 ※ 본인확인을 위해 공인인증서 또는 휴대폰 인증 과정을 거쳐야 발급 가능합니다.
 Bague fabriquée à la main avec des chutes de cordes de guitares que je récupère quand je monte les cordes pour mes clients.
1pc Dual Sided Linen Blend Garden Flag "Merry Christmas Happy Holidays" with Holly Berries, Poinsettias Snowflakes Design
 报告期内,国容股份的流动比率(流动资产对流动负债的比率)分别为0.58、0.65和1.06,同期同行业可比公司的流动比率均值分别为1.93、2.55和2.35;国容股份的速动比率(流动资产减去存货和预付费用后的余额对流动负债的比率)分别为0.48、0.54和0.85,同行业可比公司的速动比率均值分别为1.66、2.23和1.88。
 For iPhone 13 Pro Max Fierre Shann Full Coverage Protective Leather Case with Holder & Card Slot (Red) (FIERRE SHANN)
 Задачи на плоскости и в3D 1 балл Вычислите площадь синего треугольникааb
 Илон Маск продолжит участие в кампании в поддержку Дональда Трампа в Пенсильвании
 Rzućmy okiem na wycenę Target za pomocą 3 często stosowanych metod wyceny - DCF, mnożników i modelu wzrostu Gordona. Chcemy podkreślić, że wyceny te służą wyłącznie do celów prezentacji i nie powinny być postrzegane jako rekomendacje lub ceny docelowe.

--

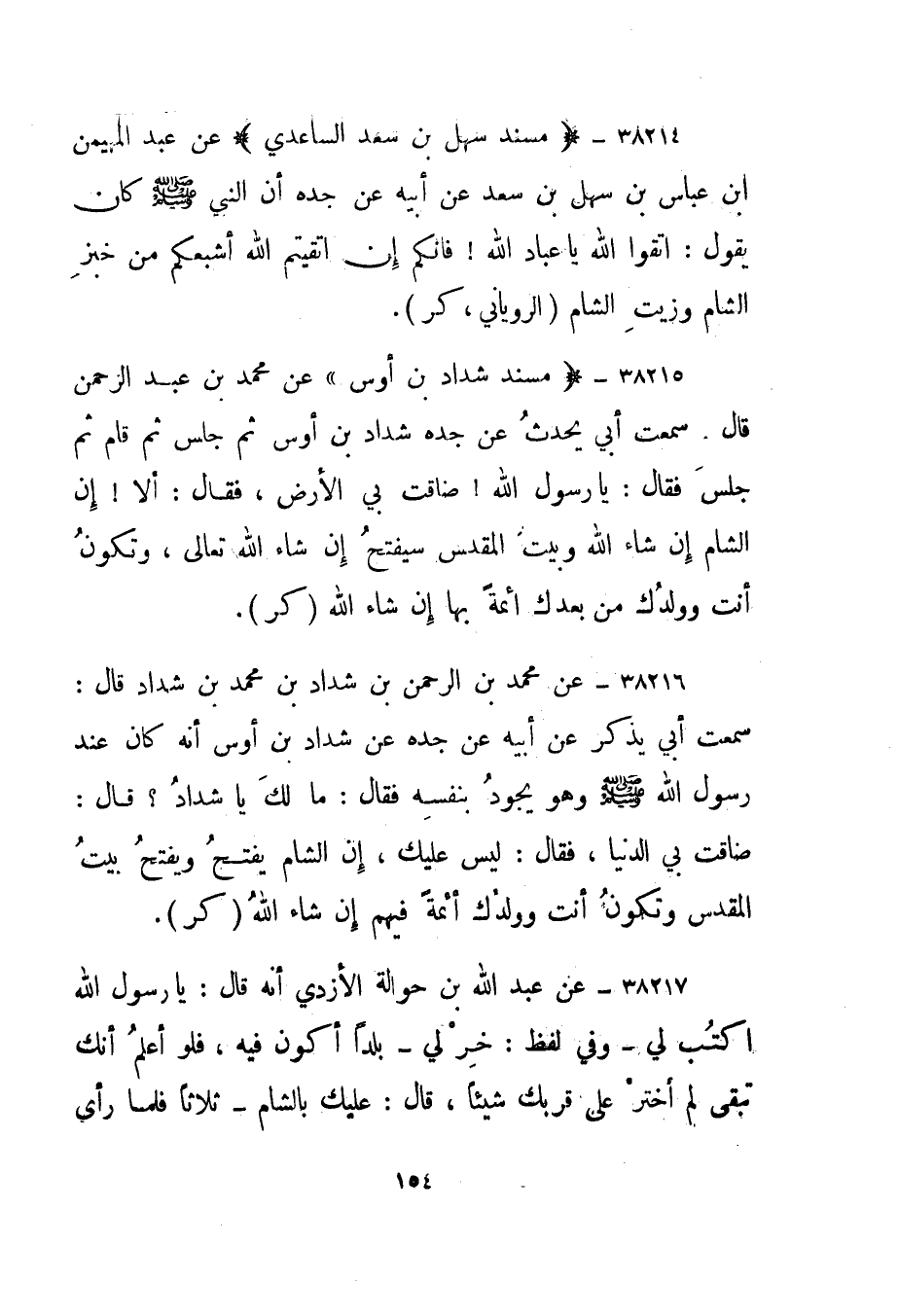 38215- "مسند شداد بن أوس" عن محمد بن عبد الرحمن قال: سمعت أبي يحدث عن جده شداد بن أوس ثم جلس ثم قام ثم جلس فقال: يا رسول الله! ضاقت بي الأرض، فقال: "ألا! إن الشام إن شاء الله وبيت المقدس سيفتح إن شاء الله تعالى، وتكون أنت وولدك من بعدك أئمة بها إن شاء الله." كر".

==

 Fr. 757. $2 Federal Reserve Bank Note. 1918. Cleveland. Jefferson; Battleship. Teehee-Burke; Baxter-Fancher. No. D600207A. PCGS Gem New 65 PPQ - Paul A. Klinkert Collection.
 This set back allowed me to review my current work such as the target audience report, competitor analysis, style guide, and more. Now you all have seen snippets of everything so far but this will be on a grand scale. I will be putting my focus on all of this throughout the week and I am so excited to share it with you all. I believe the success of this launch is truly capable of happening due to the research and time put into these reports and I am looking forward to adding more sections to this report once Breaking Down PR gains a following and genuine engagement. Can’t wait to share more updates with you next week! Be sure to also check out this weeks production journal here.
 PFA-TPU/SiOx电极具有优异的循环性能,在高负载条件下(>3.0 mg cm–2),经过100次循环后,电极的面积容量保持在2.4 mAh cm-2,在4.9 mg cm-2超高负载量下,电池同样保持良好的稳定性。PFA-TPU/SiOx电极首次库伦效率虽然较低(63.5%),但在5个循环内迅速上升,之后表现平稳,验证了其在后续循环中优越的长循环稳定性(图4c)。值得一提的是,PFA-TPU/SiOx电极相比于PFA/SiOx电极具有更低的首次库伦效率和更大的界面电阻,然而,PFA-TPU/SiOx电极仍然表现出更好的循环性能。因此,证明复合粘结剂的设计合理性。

§ WHAT IS BEING ASKED: Print the lines above from the one with "Bague fabriquée à" through the one with "Илон Маск продолжит", both included, exactly as written and nothing more.

§ RESPONSE TO THE TASK:
 Bague fabriquée à la main avec des chutes de cordes de guitares que je récupère quand je monte les cordes pour mes clients.
1pc Dual Sided Linen Blend Garden Flag "Merry Christmas Happy Holidays" with Holly Berries, Poinsettias Snowflakes Design
 报告期内,国容股份的流动比率(流动资产对流动负债的比率)分别为0.58、0.65和1.06,同期同行业可比公司的流动比率均值分别为1.93、2.55和2.35;国容股份的速动比率(流动资产减去存货和预付费用后的余额对流动负债的比率)分别为0.48、0.54和0.85,同行业可比公司的速动比率均值分别为1.66、2.23和1.88。
 For iPhone 13 Pro Max Fierre Shann Full Coverage Protective Leather Case with Holder & Card Slot (Red) (FIERRE SHANN)
 Задачи на плоскости и в3D 1 балл Вычислите площадь синего треугольникааb
 Илон Маск продолжит участие в кампании в поддержку Дональда Трампа в Пенсильвании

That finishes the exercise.